**Task prompt**
Would you copy the listing below exactly, keeping the pictures out?

**Provided data**

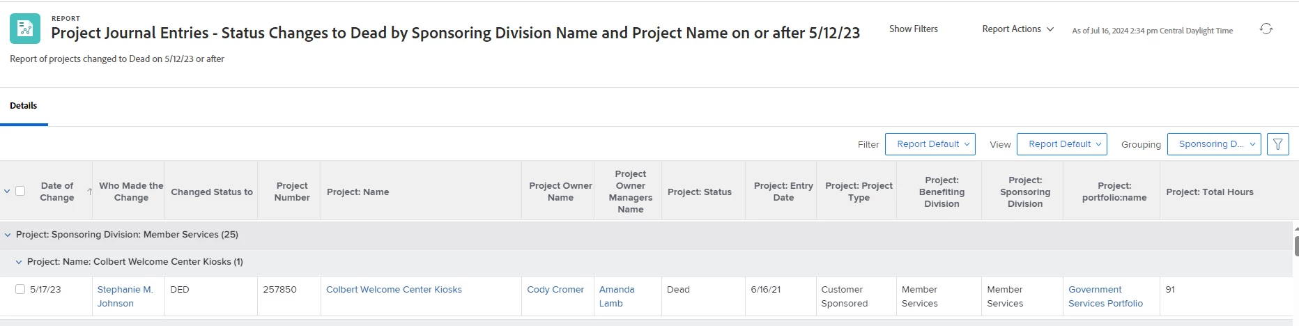 I have a report (journal entry object type) and the report does not have the option to export
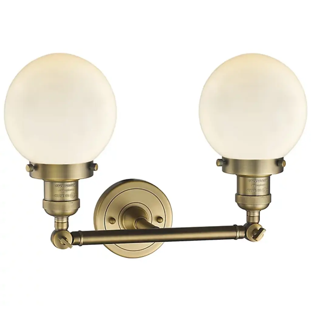 The Melena Adjustable Vanity Light by Alder & Ore is a charming addition to illuminate a guest bath, primary suite or powder room. Its restoration style and heavy metal finish complement a range of decor styles, with glass shades that add a touch of elegance and allow for plenty of light to brighten up the space. This fixture is designed to be mounted above a vanity, providing the perfect amount of light for daily grooming tasks and more.
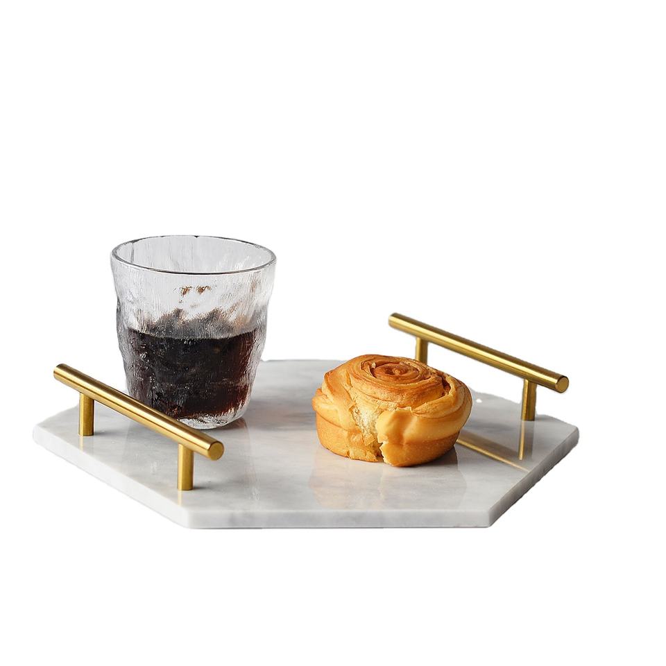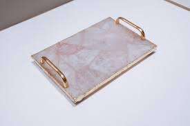 Plateau de service en Quartz Rose Unique, forme libre, bord doré avec poignée en laiton, plateau de luxe en Quartz

**Solved problem**
 I have a report (journal entry object type) and the report does not have the option to export
 The Melena Adjustable Vanity Light by Alder & Ore is a charming addition to illuminate a guest bath, primary suite or powder room. Its restoration style and heavy metal finish complement a range of decor styles, with glass shades that add a touch of elegance and allow for plenty of light to brighten up the space. This fixture is designed to be mounted above a vanity, providing the perfect amount of light for daily grooming tasks and more.
 Plateau de service en Quartz Rose Unique, forme libre, bord doré avec poignée en laiton, plateau de luxe en Quartz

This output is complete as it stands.